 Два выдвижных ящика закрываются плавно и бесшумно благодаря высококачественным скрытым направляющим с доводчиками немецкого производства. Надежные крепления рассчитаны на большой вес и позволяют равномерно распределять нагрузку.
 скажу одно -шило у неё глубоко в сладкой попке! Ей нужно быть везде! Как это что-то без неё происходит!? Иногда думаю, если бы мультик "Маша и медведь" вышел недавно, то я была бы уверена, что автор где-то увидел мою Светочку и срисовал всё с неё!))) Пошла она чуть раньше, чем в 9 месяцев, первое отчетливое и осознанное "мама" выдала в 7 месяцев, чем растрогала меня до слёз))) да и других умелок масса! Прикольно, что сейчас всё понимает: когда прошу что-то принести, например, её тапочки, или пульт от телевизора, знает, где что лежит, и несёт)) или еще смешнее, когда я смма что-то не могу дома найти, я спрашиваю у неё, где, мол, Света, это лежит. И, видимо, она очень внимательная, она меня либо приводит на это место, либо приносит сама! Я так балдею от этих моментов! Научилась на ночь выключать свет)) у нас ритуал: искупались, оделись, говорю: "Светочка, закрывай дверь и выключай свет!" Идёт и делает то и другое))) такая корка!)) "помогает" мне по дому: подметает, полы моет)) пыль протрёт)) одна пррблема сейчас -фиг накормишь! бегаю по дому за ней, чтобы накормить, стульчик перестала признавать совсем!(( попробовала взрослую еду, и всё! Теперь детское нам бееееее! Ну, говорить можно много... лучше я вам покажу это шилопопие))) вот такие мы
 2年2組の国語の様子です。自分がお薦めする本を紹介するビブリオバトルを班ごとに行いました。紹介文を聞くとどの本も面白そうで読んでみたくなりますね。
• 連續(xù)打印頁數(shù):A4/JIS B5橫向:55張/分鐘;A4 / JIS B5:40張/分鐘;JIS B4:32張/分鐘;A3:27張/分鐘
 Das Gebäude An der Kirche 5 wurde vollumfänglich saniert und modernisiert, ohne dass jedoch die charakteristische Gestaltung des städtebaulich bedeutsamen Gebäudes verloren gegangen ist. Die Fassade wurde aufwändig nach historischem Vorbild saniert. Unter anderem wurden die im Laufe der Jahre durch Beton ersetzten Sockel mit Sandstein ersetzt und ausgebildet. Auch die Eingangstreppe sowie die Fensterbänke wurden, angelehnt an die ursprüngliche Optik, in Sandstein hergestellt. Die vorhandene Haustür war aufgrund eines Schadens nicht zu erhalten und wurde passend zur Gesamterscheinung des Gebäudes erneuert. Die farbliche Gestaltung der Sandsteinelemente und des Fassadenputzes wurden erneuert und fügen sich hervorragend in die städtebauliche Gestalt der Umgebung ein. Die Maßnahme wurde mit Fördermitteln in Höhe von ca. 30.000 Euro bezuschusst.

------------------------------

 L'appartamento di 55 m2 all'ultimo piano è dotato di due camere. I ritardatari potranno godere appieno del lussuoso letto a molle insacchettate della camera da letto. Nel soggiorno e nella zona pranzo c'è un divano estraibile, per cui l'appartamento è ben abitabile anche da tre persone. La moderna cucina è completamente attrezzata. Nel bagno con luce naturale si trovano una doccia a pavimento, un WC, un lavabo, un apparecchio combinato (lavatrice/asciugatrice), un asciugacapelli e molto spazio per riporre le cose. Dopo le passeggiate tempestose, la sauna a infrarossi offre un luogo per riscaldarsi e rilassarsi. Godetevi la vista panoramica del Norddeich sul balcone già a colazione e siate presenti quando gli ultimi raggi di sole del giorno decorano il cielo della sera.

------------------------------

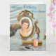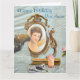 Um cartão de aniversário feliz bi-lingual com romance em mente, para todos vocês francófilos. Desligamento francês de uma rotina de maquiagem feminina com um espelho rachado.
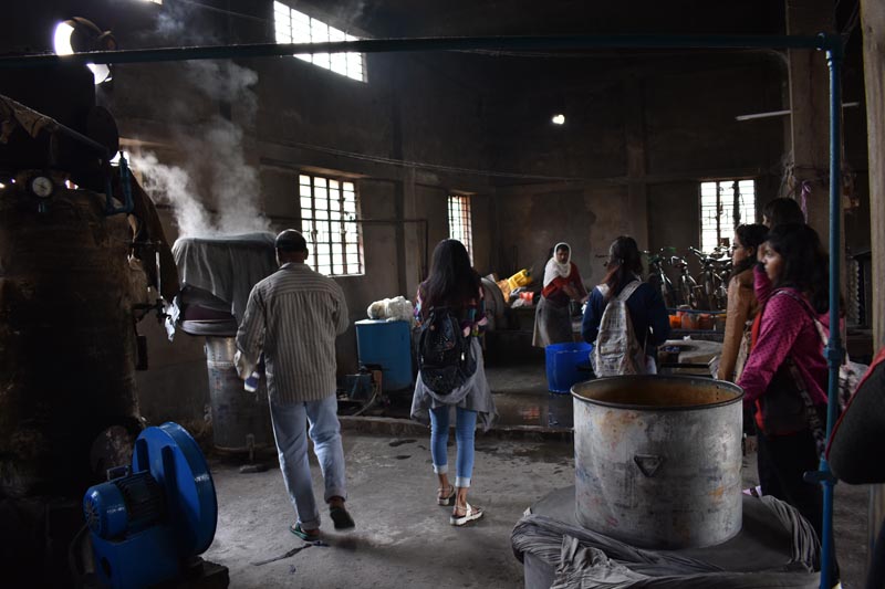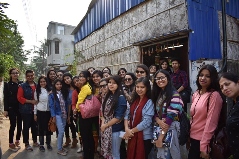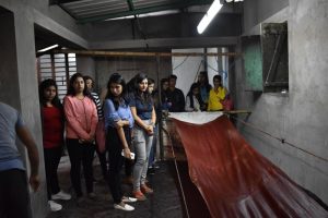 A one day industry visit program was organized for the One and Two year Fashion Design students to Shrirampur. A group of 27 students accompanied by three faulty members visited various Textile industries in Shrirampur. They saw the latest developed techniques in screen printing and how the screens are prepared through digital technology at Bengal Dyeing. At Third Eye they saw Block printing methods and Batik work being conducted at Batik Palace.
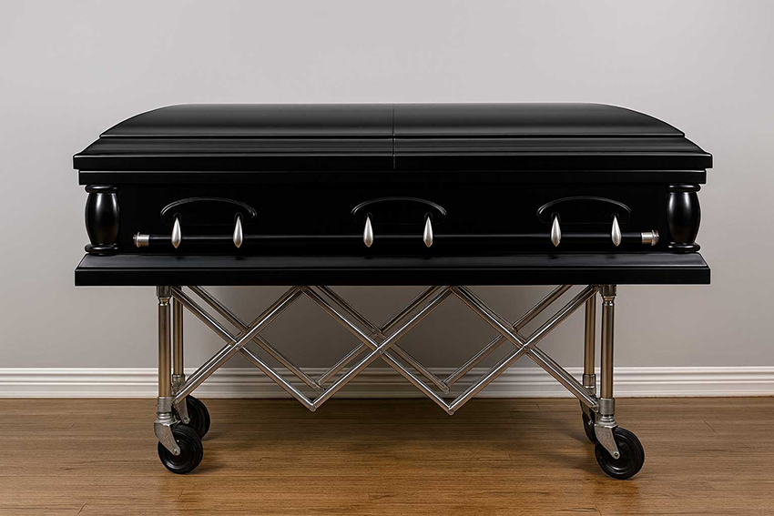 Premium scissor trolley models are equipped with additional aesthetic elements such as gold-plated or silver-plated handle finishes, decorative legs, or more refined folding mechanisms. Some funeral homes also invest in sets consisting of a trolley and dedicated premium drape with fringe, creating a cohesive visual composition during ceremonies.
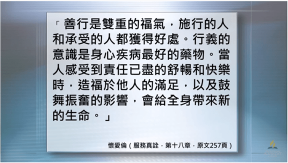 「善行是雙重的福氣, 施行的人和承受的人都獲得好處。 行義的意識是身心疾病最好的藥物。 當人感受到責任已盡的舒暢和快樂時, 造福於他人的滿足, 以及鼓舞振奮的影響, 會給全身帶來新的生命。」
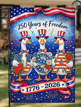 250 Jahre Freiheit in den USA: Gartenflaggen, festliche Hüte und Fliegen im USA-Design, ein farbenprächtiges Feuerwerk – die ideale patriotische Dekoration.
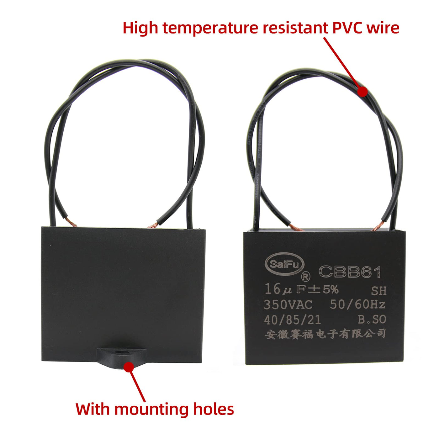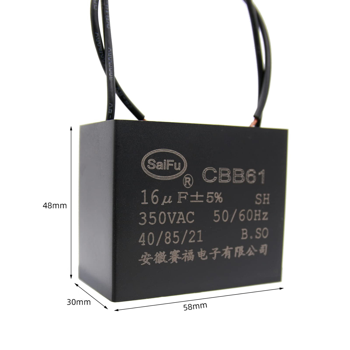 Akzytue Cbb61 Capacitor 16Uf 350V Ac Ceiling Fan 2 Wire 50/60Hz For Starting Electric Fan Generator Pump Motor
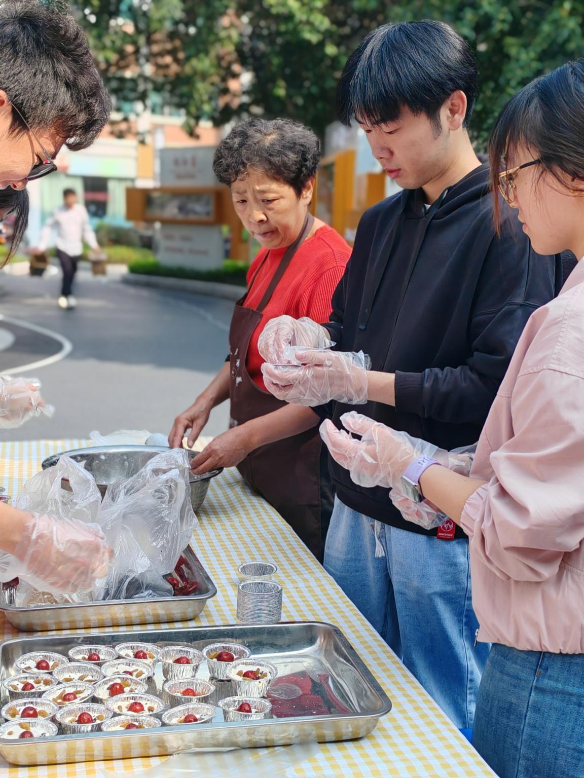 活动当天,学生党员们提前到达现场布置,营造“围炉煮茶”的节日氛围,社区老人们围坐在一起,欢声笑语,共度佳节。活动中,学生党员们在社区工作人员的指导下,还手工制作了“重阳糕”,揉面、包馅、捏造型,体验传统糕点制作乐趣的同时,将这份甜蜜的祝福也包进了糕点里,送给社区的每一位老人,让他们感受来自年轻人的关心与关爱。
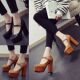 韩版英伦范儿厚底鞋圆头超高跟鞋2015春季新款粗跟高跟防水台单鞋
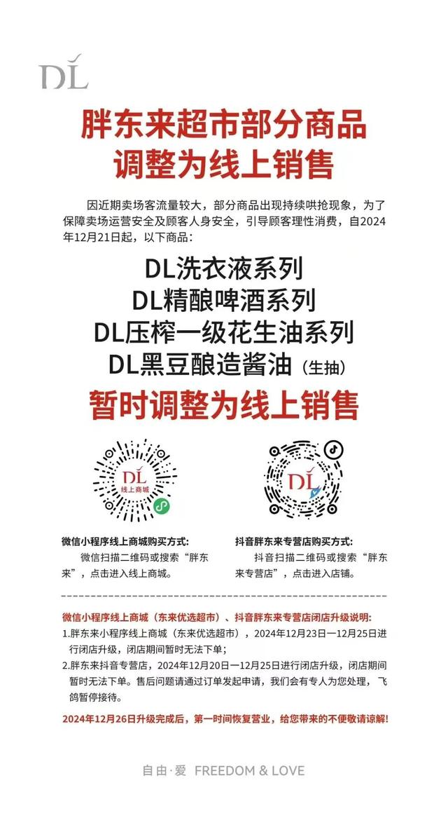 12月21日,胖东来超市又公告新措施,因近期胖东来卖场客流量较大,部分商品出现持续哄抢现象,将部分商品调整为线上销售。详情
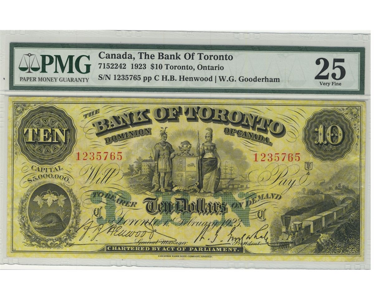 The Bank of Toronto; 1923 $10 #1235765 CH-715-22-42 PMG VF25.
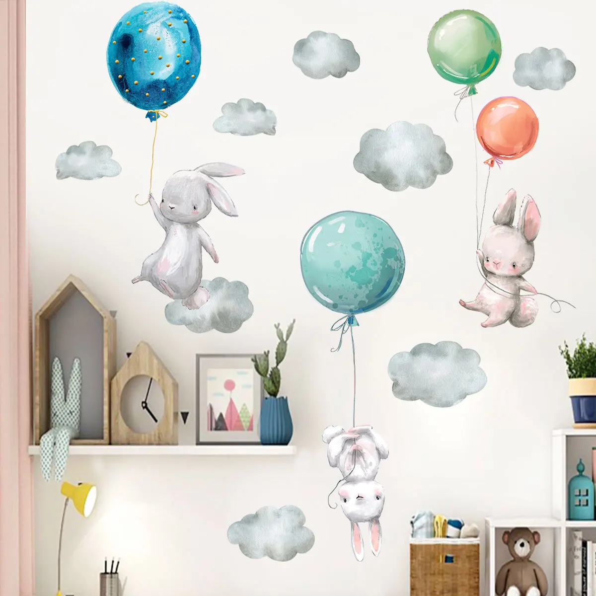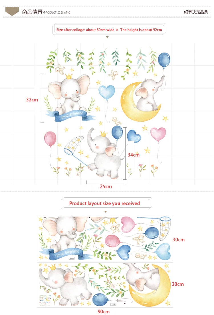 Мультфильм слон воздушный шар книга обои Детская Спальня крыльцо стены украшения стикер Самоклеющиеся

------------------------------

- [WHAT TO PRODUCE]: Look above for the line holding "Um cartão de" and output everything from it down to the line holding "Мультфильм слон воздушный", both ends included, exactly and without images.

- [SOLUTION FOR THIS PROBLEM]:
 Um cartão de aniversário feliz bi-lingual com romance em mente, para todos vocês francófilos. Desligamento francês de uma rotina de maquiagem feminina com um espelho rachado.
 A one day industry visit program was organized for the One and Two year Fashion Design students to Shrirampur. A group of 27 students accompanied by three faulty members visited various Textile industries in Shrirampur. They saw the latest developed techniques in screen printing and how the screens are prepared through digital technology at Bengal Dyeing. At Third Eye they saw Block printing methods and Batik work being conducted at Batik Palace.
 Premium scissor trolley models are equipped with additional aesthetic elements such as gold-plated or silver-plated handle finishes, decorative legs, or more refined folding mechanisms. Some funeral homes also invest in sets consisting of a trolley and dedicated premium drape with fringe, creating a cohesive visual composition during ceremonies.
 「善行是雙重的福氣, 施行的人和承受的人都獲得好處。 行義的意識是身心疾病最好的藥物。 當人感受到責任已盡的舒暢和快樂時, 造福於他人的滿足, 以及鼓舞振奮的影響, 會給全身帶來新的生命。」
 250 Jahre Freiheit in den USA: Gartenflaggen, festliche Hüte und Fliegen im USA-Design, ein farbenprächtiges Feuerwerk – die ideale patriotische Dekoration.
 Akzytue Cbb61 Capacitor 16Uf 350V Ac Ceiling Fan 2 Wire 50/60Hz For Starting Electric Fan Generator Pump Motor
 活动当天,学生党员们提前到达现场布置,营造“围炉煮茶”的节日氛围,社区老人们围坐在一起,欢声笑语,共度佳节。活动中,学生党员们在社区工作人员的指导下,还手工制作了“重阳糕”,揉面、包馅、捏造型,体验传统糕点制作乐趣的同时,将这份甜蜜的祝福也包进了糕点里,送给社区的每一位老人,让他们感受来自年轻人的关心与关爱。
 韩版英伦范儿厚底鞋圆头超高跟鞋2015春季新款粗跟高跟防水台单鞋
 12月21日,胖东来超市又公告新措施,因近期胖东来卖场客流量较大,部分商品出现持续哄抢现象,将部分商品调整为线上销售。详情
 The Bank of Toronto; 1923 $10 #1235765 CH-715-22-42 PMG VF25.
 Мультфильм слон воздушный шар книга обои Детская Спальня крыльцо стены украшения стикер Самоклеющиеся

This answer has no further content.